In any case. Once we know that we have to switch the console device to a graphical mode before mapping the framebuffer, and having access to the pixel format described in the fbinfo
structure… drawing something fun is just a few byte manipulation operations away:
// wsdisplay-draw.c
// https://jmmv.dev/src/netbsd-graphics-wo-x11/wsdisplay-draw.c
#include <sys/param.h>
#include <sys/types.h>
#include <sys/ioctl.h>
#include <sys/mman.h>
#include <dev/wscons/wsconsio.h>
#include <err.h>
#include <fcntl.h>
#include <stdlib.h>
#include <unistd.h>
int main(void) {
// Open the main wsdisplay device.
int fd = open("/dev/ttyE0", O_RDWR | O_NONBLOCK | O_EXCL);
if (fd == -1)
err(1, "open failed");
// Query information about the framebuffer.
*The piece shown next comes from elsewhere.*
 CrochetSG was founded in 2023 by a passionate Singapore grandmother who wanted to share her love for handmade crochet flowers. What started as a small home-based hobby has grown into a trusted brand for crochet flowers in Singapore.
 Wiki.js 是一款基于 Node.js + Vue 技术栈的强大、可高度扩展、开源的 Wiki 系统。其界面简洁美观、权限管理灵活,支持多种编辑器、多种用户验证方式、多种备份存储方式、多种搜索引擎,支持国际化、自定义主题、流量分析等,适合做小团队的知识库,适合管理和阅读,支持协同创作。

struct wsdisplayio_fbinfo fbinfo;
if (ioctl(fd, WSDISPLAYIO_GET_FBINFO, &fbinfo) == -1)
err(1, "ioctl failed");
// Ensure the framebuffer aligns with the expectations of our demo
// code below.
if (fbinfo.fbi_bitsperpixel != 32)
errx(1, "bitsperpixel not supported by this demo");
if (fbinfo.fbi_pixeltype != WSFB_RGB)
errx(1, "pixeltype not supported by this demo");
// Configure the wsdisplay to enter "dumb framebuffer" mode.
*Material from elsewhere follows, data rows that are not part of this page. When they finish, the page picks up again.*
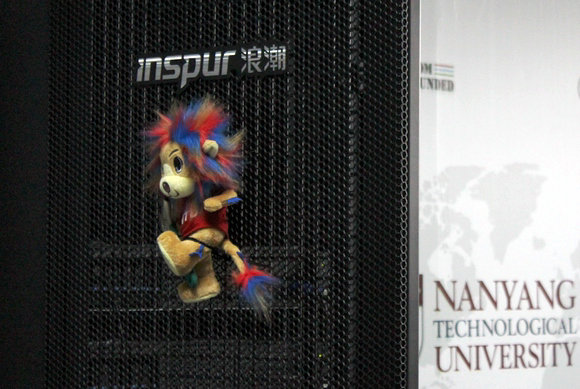 新加坡南洋理工大學首次參加國際大學生超算競賽,在初賽中以海外總成績第一而挺進總決賽。新加坡的多元文化成就了國際化的參賽隊伍,隊員們分別來自新加坡、印度、中國、越南等國家。在機柜上,一只身著“NTU”服飾的毛絨獅子玩偶默默支持著神色緊張的隊員們。原來,獅子是南洋理工大學的吉祥物,獅子玩偶也是從校徽上的獅子演變而來的,隊員開玩笑說“獅子已經從校徽上的四腳行走進化成兩腳站立了”。
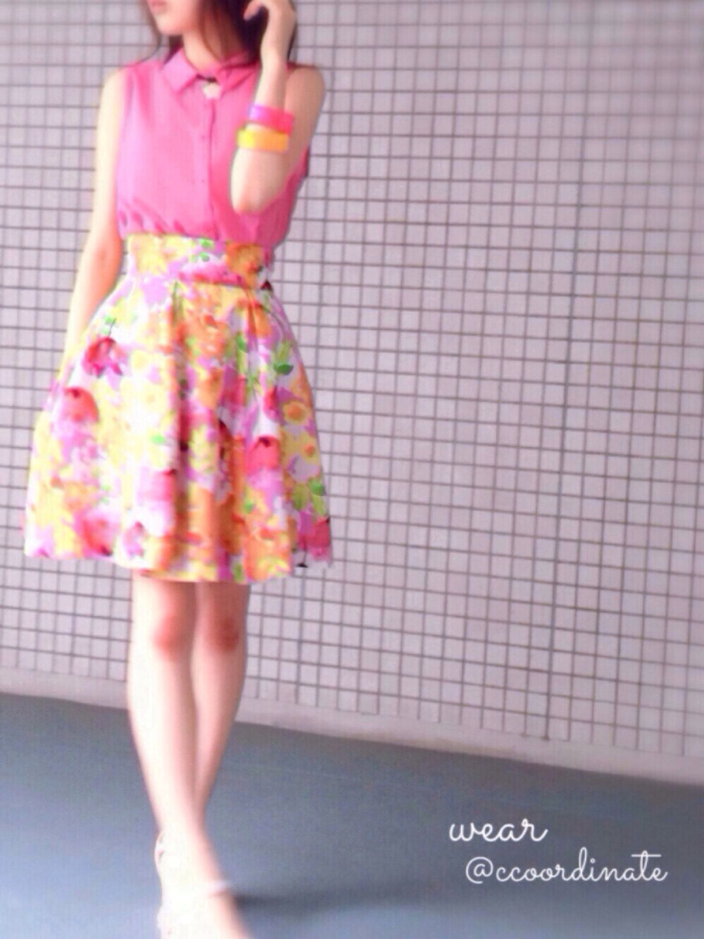 夏らしく トロピカルカラーのコーディネート✧︎*。 スカートの花柄のピンクと トップスのピンクを合わせてみました このスカートはキレイな色の花柄だから コーデのポイントになってくれます お気に入り◡̈⃝︎⋆︎* クリアカラーのブレスレットの色も スカートに合わせて✧︎*。 スカートが花柄なので サンダルは花かざりがついているものに 花柄スカートが主役のコーデ◡̈⃝︎⋆︎* 前回のコーデに いいね ありがとうございます⑅︎◡̈︎*
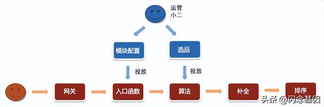 上圖展示了輕應(yīng)用的典型數(shù)據(jù)邏輯。這些輕應(yīng)用的主要邏輯都在BFF層,大量的需求都是進(jìn)行接口和數(shù)據(jù)的拼裝,比較適合FaaS接入。以運(yùn)動(dòng)頻道的Feeds模塊為例,其流程如上圖所示。其中藍(lán)色部分是運(yùn)營小二的離線配置,紅色部分為在線鏈路,這個(gè)流程對(duì)大部分的頻道模塊都是適用的。

unsigned int mode = WSDISPLAYIO_MODE_DUMBFB;
if (ioctl(fd, WSDISPLAYIO_SMODE, &mode) == -1)
err(1, "ioctl failed");
// Map the framebuffer memory. Must come after the SMODE ioctl.
uint32_t *ptr = (uint32_t*)mmap(
0, fbinfo.fbi_fbsize, PROT_READ | PROT_WRITE, MAP_SHARED,
fd, fbinfo.fbi_fboffset);
if (ptr == MAP_FAILED)
err(1, "mmap failed");
// Fill the screen multiple times with pixels of different
// colors to render a simple animation.
size_t pixels = fbinfo.fbi_fbsize / sizeof(uint32_t);
int off = 0;
for (int i = 0; i < 100; i++) {
int r = off; int g = off; int b = off;
for (size_t i = 0; i < pixels; i++) {
r = (r + 1) % 255; g = (g + 2) % 255; b = (b + 3) % 255;
ptr[i] = 0
| (r << fbinfo.fbi_subtype.fbi_rgbmasks.red_offset)
| (g << fbinfo.fbi_subtype.fbi_rgbmasks.green_offset)
| (b << fbinfo.fbi_subtype.fbi_rgbmasks.blue_offset);
}
off += 10;
usleep(1);
}
// Configure the wsdisplay to enter "console emulation" mode.
// In other words: return to the console.
mode = WSDISPLAYIO_MODE_EMUL;
if (ioctl(fd, WSDISPLAYIO_SMODE, &mode) == -1) {
err(1, "ioctl failed");
}
close(fd);
return EXIT_SUCCESS;
}
And if we run this:
Voila. We’ve got graphics without paying the X11 startup tax. Switching from the console to graphics is instantaneous, like in the good old mode 13h days.
Handling keyboard input
Rendering graphics is just half of the puzzle when writing an interactive application though. The other half is handling input. And, for that, we have to turn to the wskbd device.
After we switch the console to mapped mode, keystrokes don’t go to stdin
anymore. We have to write code to explicitly read from an attached keyboard, and we can do this via the /dev/wskbd0
device representing the first attached keyboard.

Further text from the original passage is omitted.